Php 如何优化此代码以提取标题_Php

Php 如何优化此代码以提取标题

php

Php 如何优化此代码以提取标题,php,Php,下面是我用来提取任何网站标题的示例代码： function fread_url($url,$ref="") { if(function_exists("curl_init")){ $ch = curl_init(); $user_agent = "googlebot"; $ch = curl_init(); curl_setopt($ch, CURLOPT_USERAGENT,

下面是我用来提取任何网站标题的示例代码：

function fread_url($url,$ref="")
    {
        if(function_exists("curl_init")){
            $ch = curl_init();
            $user_agent = "googlebot";
            $ch = curl_init();
            curl_setopt($ch, CURLOPT_USERAGENT, $user_agent);
            curl_setopt( $ch, CURLOPT_HTTPGET, 1 );
            curl_setopt( $ch, CURLOPT_RETURNTRANSFER, 1 );
            curl_setopt( $ch, CURLOPT_FOLLOWLOCATION , 1 );
            curl_setopt( $ch, CURLOPT_URL, $url );
            curl_setopt ($ch, CURLOPT_COOKIEJAR, 'cookie.txt');
            curl_setopt($ch, CURLOPT_CONNECTTIMEOUT, 5);
            $html = curl_exec($ch);
            curl_close($ch);
        }
        else{
            $html.= file_get_contents($urweb);
               }
        return $html;
    }
////////////////////////////////////
$doc = new DOMDocument(); @$doc->loadHTML(@fread_url($urweb));  
$titlelist = $doc->getElementsByTagName("title"); 
if($titlelist->length > 0){   $wbtitle = $titlelist->item(0)->nodeValue; } 
echo $wbtitle;

我的问题是，如何修改此脚本以访问网站5秒钟，如果没有可用的标题，则返回ampty？
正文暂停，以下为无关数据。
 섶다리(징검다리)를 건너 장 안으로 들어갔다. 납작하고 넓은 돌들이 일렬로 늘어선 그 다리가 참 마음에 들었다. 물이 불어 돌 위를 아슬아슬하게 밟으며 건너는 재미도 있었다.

？现在，对于一些网站来说，提取标题需要5秒钟以上，甚至更长时间。

为cURL设置一个超时

curl_setopt($ch, CURLOPT_TIMEOUT, 5);

看起来您已经在尝试使用

CURLOPT_CONNECTTIMEOUT

来实现这一点，但这是错误的

尝试连接时等待的秒数

而

CURLOPT_TIMEOUT

TIMEOUT是

允许cURL函数执行的最大秒数

您可以完全按照以下方式重写函数。如果需要保留fread_url（）函数，还可以生成另一个函数

function get_page_title($url, $ref = "") {
    if (function_exists("curl_init")) {
        $ch = curl_init();
        $user_agent = "googlebot";
        $ch = curl_init();
        curl_setopt($ch, CURLOPT_USERAGENT, $user_agent);
        curl_setopt( $ch, CURLOPT_HTTPGET, 1 );
        curl_setopt( $ch, CURLOPT_RETURNTRANSFER, 1 );
        curl_setopt( $ch, CURLOPT_FOLLOWLOCATION , 1 );
        curl_setopt( $ch, CURLOPT_URL, $url );
        curl_setopt ($ch, CURLOPT_COOKIEJAR, 'cookie.txt');
        curl_setopt($ch, CURLOPT_CONNECTTIMEOUT, 5);
        $html = curl_exec($ch);
        curl_close($ch);
    } else {
        $html = file_get_contents($urweb);
    }

    if ($html === false || empty($html))
        return false;

    $doc = new DOMDocument();
    @$doc->loadHTML($html);  
    $titlelist = $doc->getElementsByTagName("title"); 

    return $titlelist->length > 0 ? $titlelist->item(0)->nodeValue : '';
}

$wbtitle = get_page_title($urlweb);

$user\u agent=“googlebot”？非常努力，谢谢。但是$html.=
应该是$html=
并且如果（$html===false | | empty（$html））
应该是：如果（！$html）返回false
您还应该在函数的开头粘贴$html的默认值$html=FALSE
。。。。哦，你应该使用CURLOPT_TIMEOUT。@SkippyChalmers实际上，$html
总是会被设置的，所以不应该这样。如果（empty（$html））返回false，则至少应为否。绝对不可重复。空（）。但是，如果未使用串联赋值“=”（或其他任何形式），则始终会设置$html。是的，我知道不管怎样，它仍然会使你成功，但你做错了。不管怎样，empty（）本质上是检查假值，或者至少$html变量中被认为是假的任何内容对OP没有任何用处，应该被视为失败。如果curl或file_get_内容不返回任何内容，empty将抛出false，这是错的吗？html设置有或没有=
，我不明白为什么这是错误的，没有冒犯的意思，但我认为你是在对此发表意见。=是一个打字错误。嘘，别这样。解释一下：if（$html===false | | empty（$html））应该是：if（！$html）return false；。我的解决方案运行良好，并在两个级别上进行验证。